No doubt, there is reason to pause. Did ICICI Bank take a genuine commercial haircut or did it get scalped? Considering that the Roy’s ended up with an extra Rs 53.85 Crores in their personal accounts, they were clearly capable of giving Rs 48 Crores to the bank. I am sure there is much to be said on both sides of this subject.

I do observe though that settling a loan too cheap is something RBI would normally look at as a governance issue, not CBI, and most certainly not at the instance of a minor shareholder of ICICI Bank. It’s not a crime for a Bank to take a haircut. We need more substance to sustain an allegation of fraud, though fraud it may well be. I looked hard at the FIR and found nothing more than vague allegations in highly emotive rhetoric all but drowning under ridiculous verbosity and split infinitives.
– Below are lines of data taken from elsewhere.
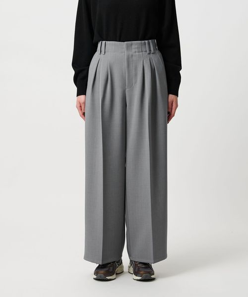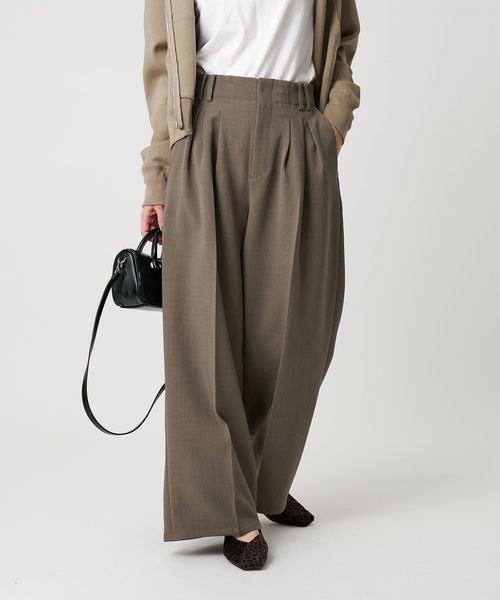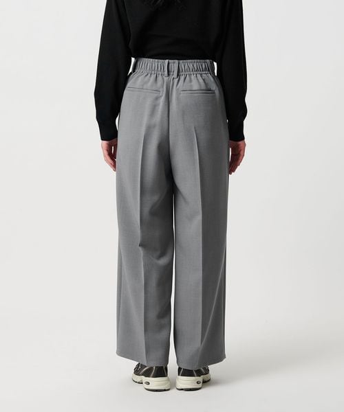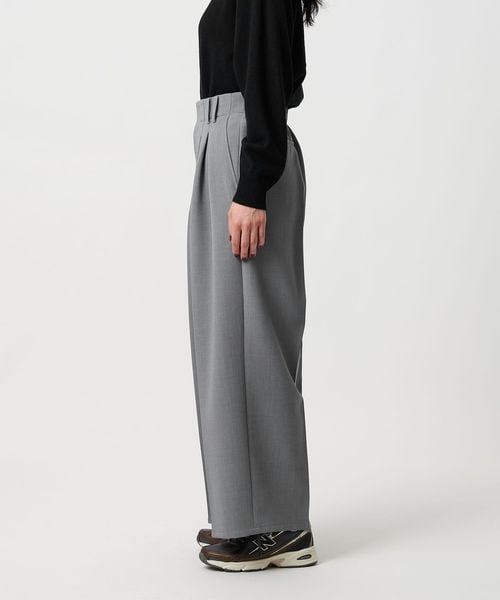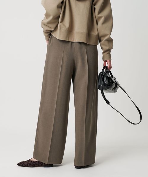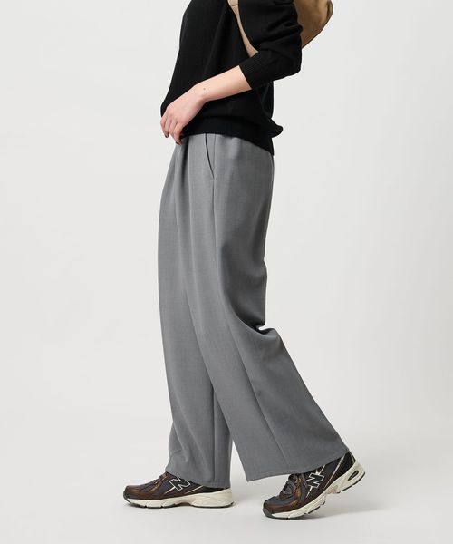 【WEB限定 Wardrobe DAILY MINIMAL】ウールライク ランダムタック ワイドパンツ ウォッシャブル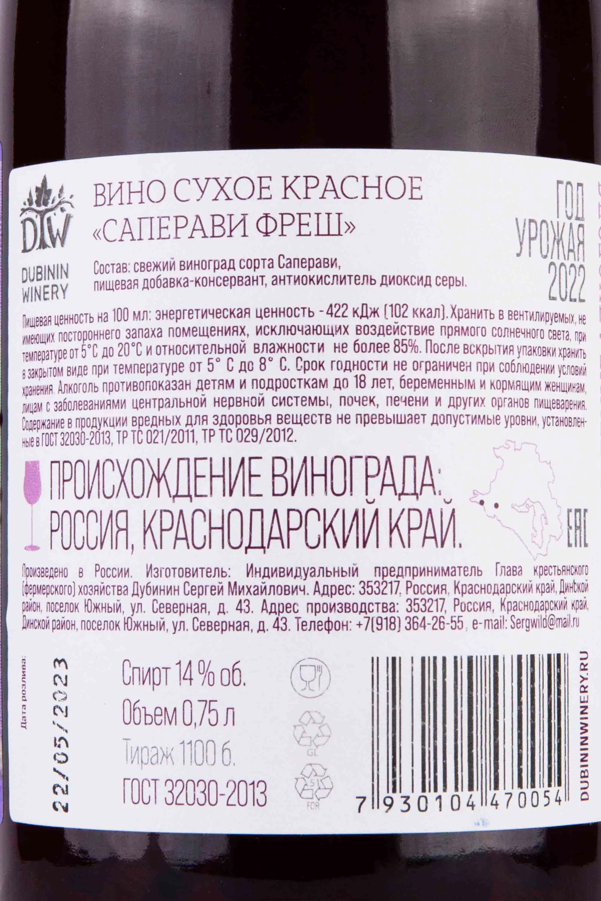 Вино Дубинин Вайнери Саперави Фреш 0,75 л создано на семейной винодельне Кубани. Хозяйство располагает собственными виноградниками и полностью контролирует цикл производства — от лозы до розлива. Проект был основан Сергеем Дубининым, оформившим КФХ, а позднее к управлению присоединился его сын Никита. Урожай собирают с лоз Саперави старше 25 лет, укоренённых в тёплом кубанском терруаре с продолжительным солнечным сезоном и умеренно-континентальным климатом. Почвы с хорошей дренажной способностью способствуют концентрации ягод. Ферментация проходит при контролируемых температурах для сохранения свежести и сортовой выразительности, что подчёркивает «фреш»-стиль — яркий, сочный и гастрономичный.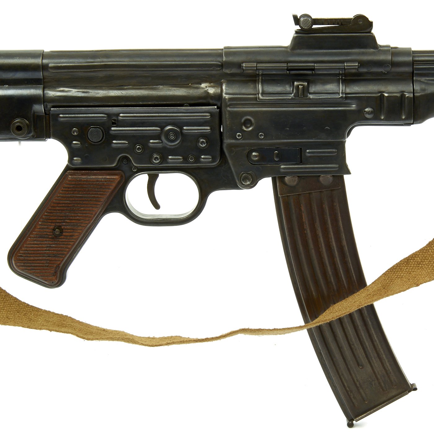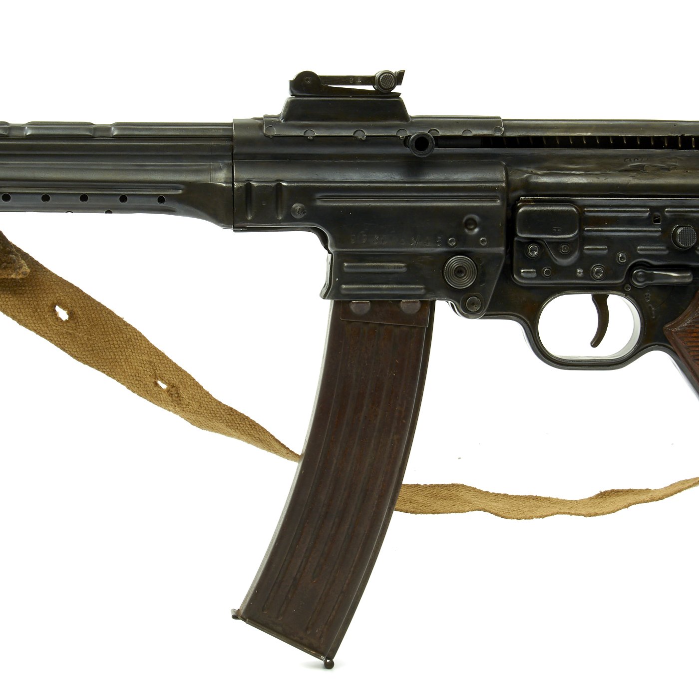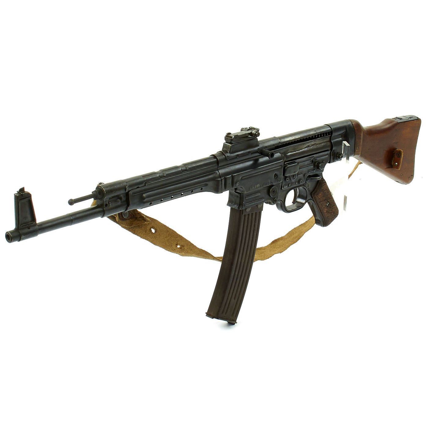 This sample is in excellent condition bearing original serial number 9930, multiple Waffenamt Codes and is dated 1945. Meaning this was one of the very last STG44s ever produced! It was such a late production that this is one of the most uncommon ones indicated by the fact that the barrel muzzle is not threaded. Both the receiver and trigger group have inspection stamps. Constructed by one of our own precision-minded master-craftsman gunsmiths. This display gun was built from the ground up with exacting detail and looks fantastic. Also included is an original MP44 magazine. Will ship intact where permissible and deactivated where prohibited. Finally, we've added an ultra rare original canvas sling which is nicely maker marked and 1945 dated. This sling is perhaps even more rare than the gun!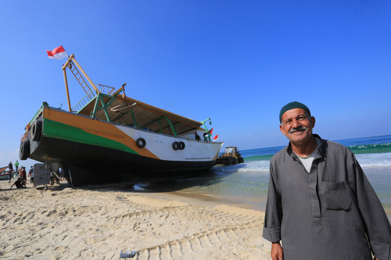 Palestinians gather during the launch of the largest fishing boat in the Gaza Strip in southern Khan Younis, 22 October. Palestinians made the largest fishing boat in the territory, measuring 21 meters long and 6 meters wide, with simple tools and equipment.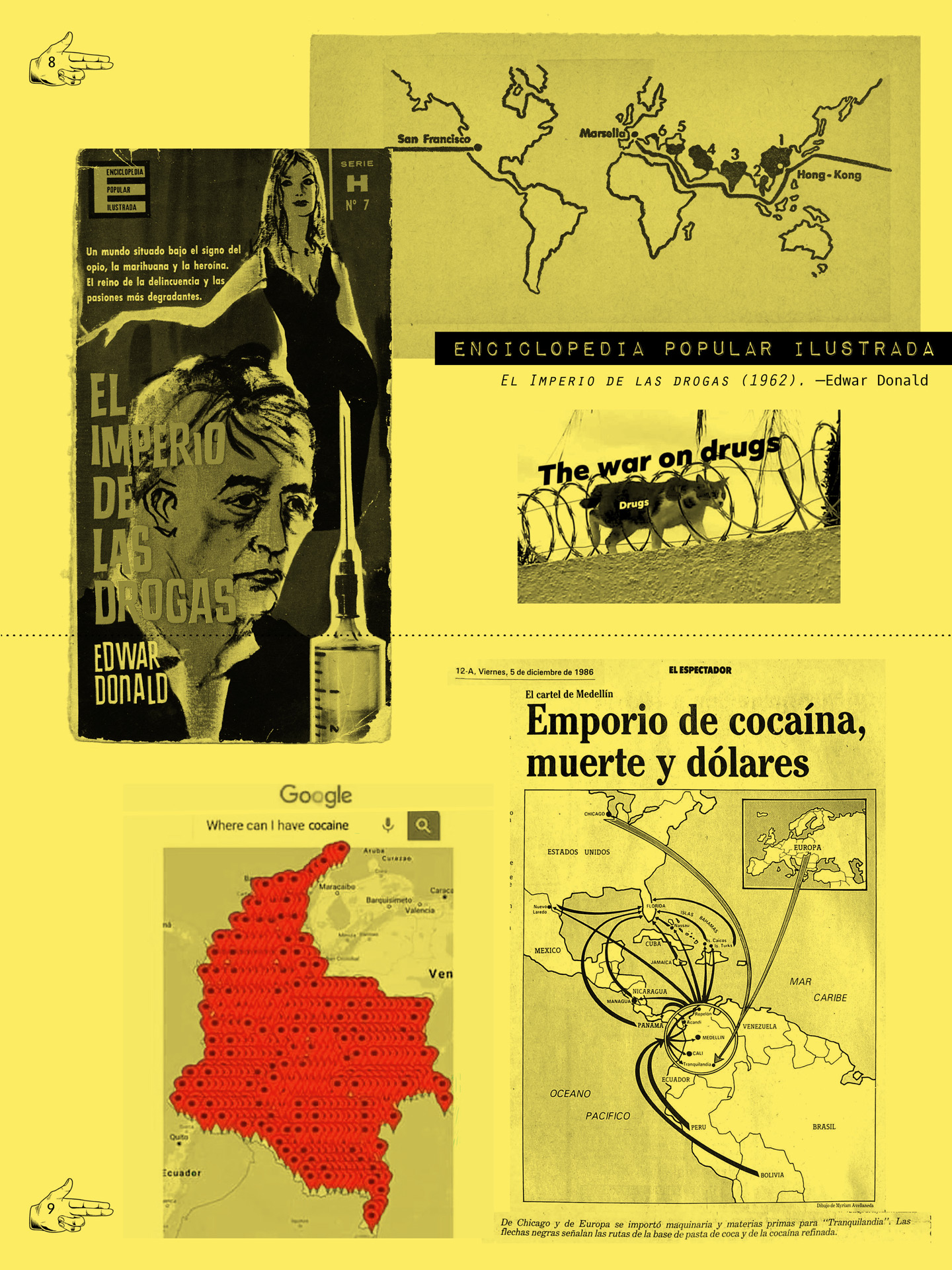 Página amarilla del libro Narcolombia, Líneas de investigación y creación sobre estética y narcotráfico en Colombia curado por estudiantes de Arte Andrea Infante y Paula R. Leuro.

In this, the FIR is unexceptional. Desi FIRs engage in spin doctoring all the time, mainly in order to stretch the accusations beyond their natural logic and get maximum flexibility for constructing alternative narratives in the future. If someone objects to the verbiage, the cops shrug: “oh but this is an FIR and the investigation is still to come”.

That may well be but the same verbiage allows the cops to swoop into the homes of the accused at all hours of the day or night and arrest the poor victim without just cause. As for the rest of us, we withdraw into a shell and weakly protest that “there can be no smoke without fire”. Never do we stop to ask what indeed is the precise nature of the ostensible fire that created this dramatic smoke?

Viewed from a distance, the same set of interconnected facts has seen NDTV repeatedly attacked over the last several years. In 2014, the Income Tax Department accused the Roys of not paying tax on the money they made on the sale of NDTV shares to RRPR. The Roys claim the Department’s lawyer has stalled the proceedings for years together and doesn’t allow them to be heard.

SEBI has been examining the legality of a range of actions taken by NDTV for a decade now. On June 8th, 2016, it issued a show cause notice to NDTV for violation of the Takeover Code amongst other things. This too has been hanging fire for a long time.

At the end of the day then, what are we to make of the fate of a TV channel that has frequently been critical of the Government? If you smell smoke in ICICI Bank’s Rs. 48 Crore haircut, wouldn’t you argue that the press cannot claim immunity from prosecution on the patently dishonest argument that it would muzzle freedom of speech?

Would you have a competent investigation look at this extraordinary transaction with an open mind, or is NDTV a holy cow you can’t hurt? On the other hand, considering that the essential facts we related here have been in the public domain for several years, exactly what did the CBI expect to find in the home of the Roys in the middle of the night?

When the same set of facts transforms year after year into a new and fresh prosecution, are you not entitled to think that we have ourselves a witch hunt? Would you not argue that NDTV is taking heat exactly as the Rehajas did after Outlook published a story about Atal Bihari Vajpayee’s foster son-in-law, and as Ram Nath Goenka did during the Emergency? Do I have a problem with pattern recognition, or am I just prejudiced?

Once again, I find myself confronted by a morally ambiguous question to which there is no simple answer. No one here smells of fresh roses in the rain. Forced to a choice, I find myself reluctantly coming down in defense of those who are clearly not squeaky clean, on the principle that whatever be their sins, they are more sinned against than sinning.